#### Stored data
::::::::

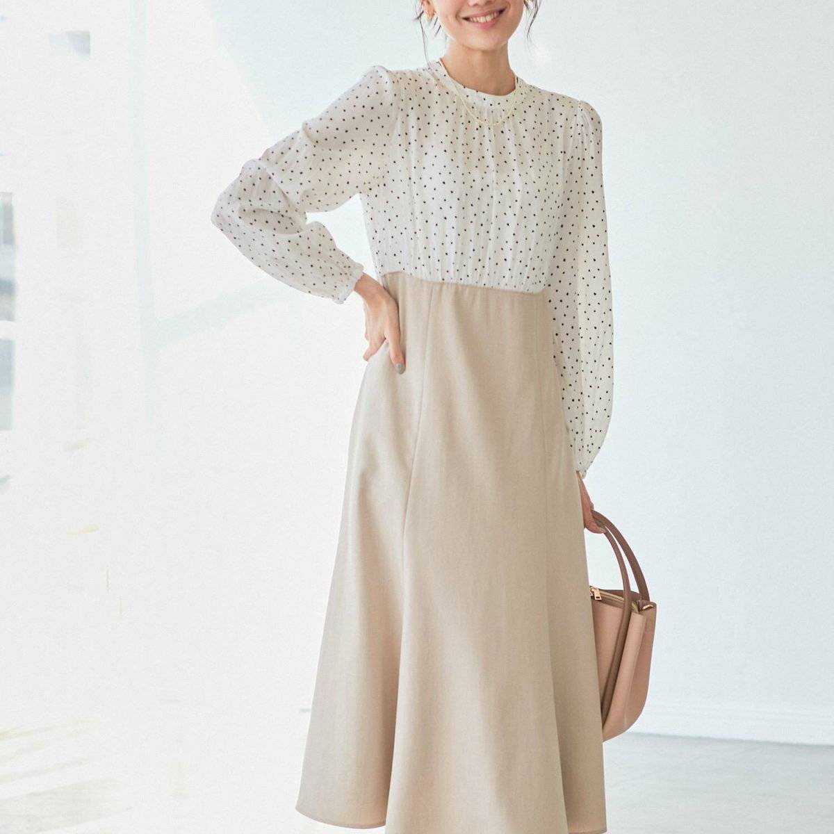 ウエスト切り替えでスカート部分にボリュームのあるデザインのワンピは、骨格ウェーブさんにおすすめです。
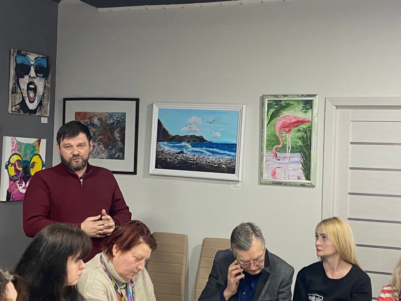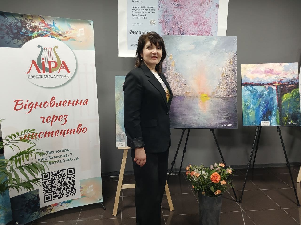 Особливу атмосферу зустрічі створила відома тернопільська художниця Світлана Лагіш. Вона поділилася своїми роздумами про роль митця у часи випробувань та презентувала нову роботу “Українське сонце зійде”. Картина, сповнена світла і віри, стала символом надії та переконання у неминучій перемозі України, де мистецтво відіграє важливу роль.
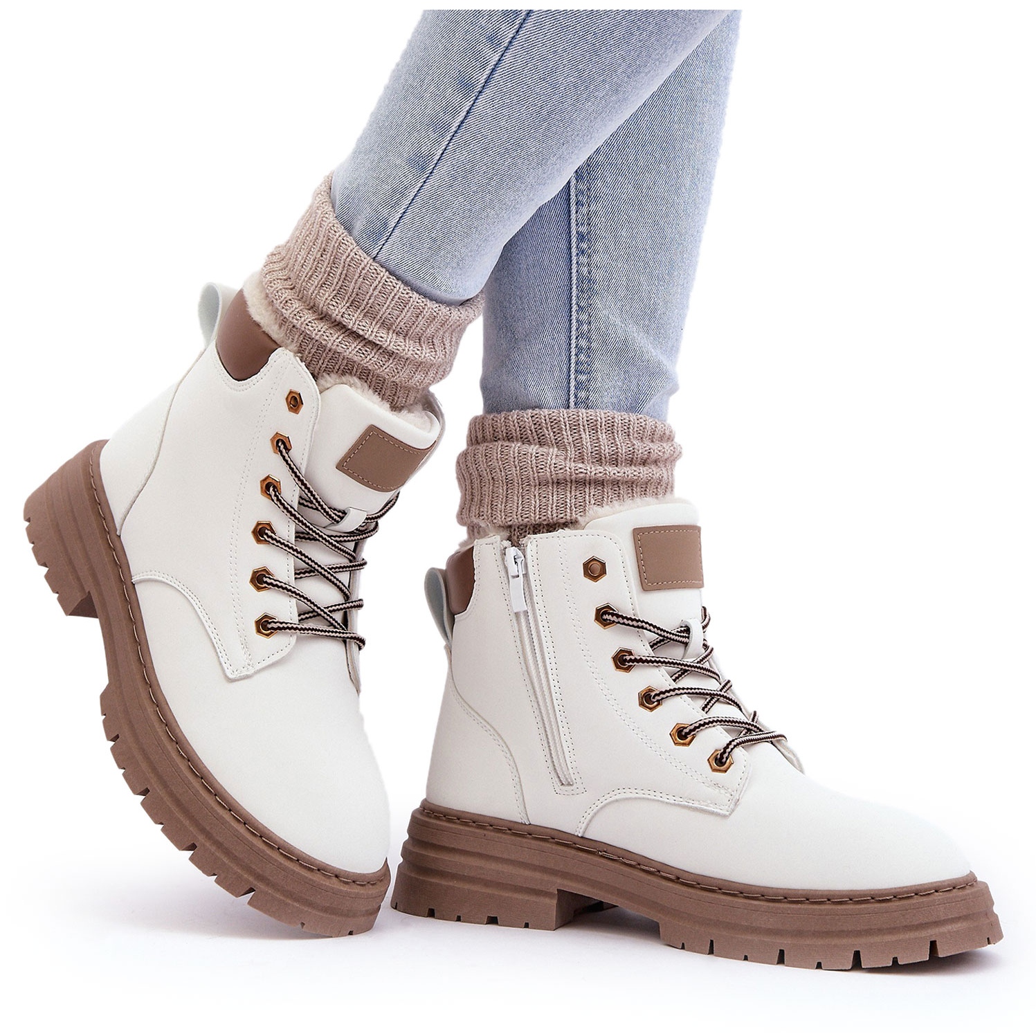 Așezate pe o platformă confortabilă și un toc plat, oferă stabilitate și confort pe tot parcursul zilei. Datorita fermoarului lateral, incaltarea si scoaterea pantofilor devine rapida si usoara. Șireturile suplimentare permit o potrivire perfectă pe picior, ceea ce crește semnificativ confortul la purtare. La interior, cizmele sunt izolate cu blană groasă, ceea ce le face o alegere perfectă pentru zilele mai reci.

::::::::

#### Work task
Any images must be left out; transcribe the rest of the material exactly.

#### Response below
 ウエスト切り替えでスカート部分にボリュームのあるデザインのワンピは、骨格ウェーブさんにおすすめです。
 Особливу атмосферу зустрічі створила відома тернопільська художниця Світлана Лагіш. Вона поділилася своїми роздумами про роль митця у часи випробувань та презентувала нову роботу “Українське сонце зійде”. Картина, сповнена світла і віри, стала символом надії та переконання у неминучій перемозі України, де мистецтво відіграє важливу роль.
 Așezate pe o platformă confortabilă și un toc plat, oferă stabilitate și confort pe tot parcursul zilei. Datorita fermoarului lateral, incaltarea si scoaterea pantofilor devine rapida si usoara. Șireturile suplimentare permit o potrivire perfectă pe picior, ceea ce crește semnificativ confortul la purtare. La interior, cizmele sunt izolate cu blană groasă, ceea ce le face o alegere perfectă pentru zilele mai reci.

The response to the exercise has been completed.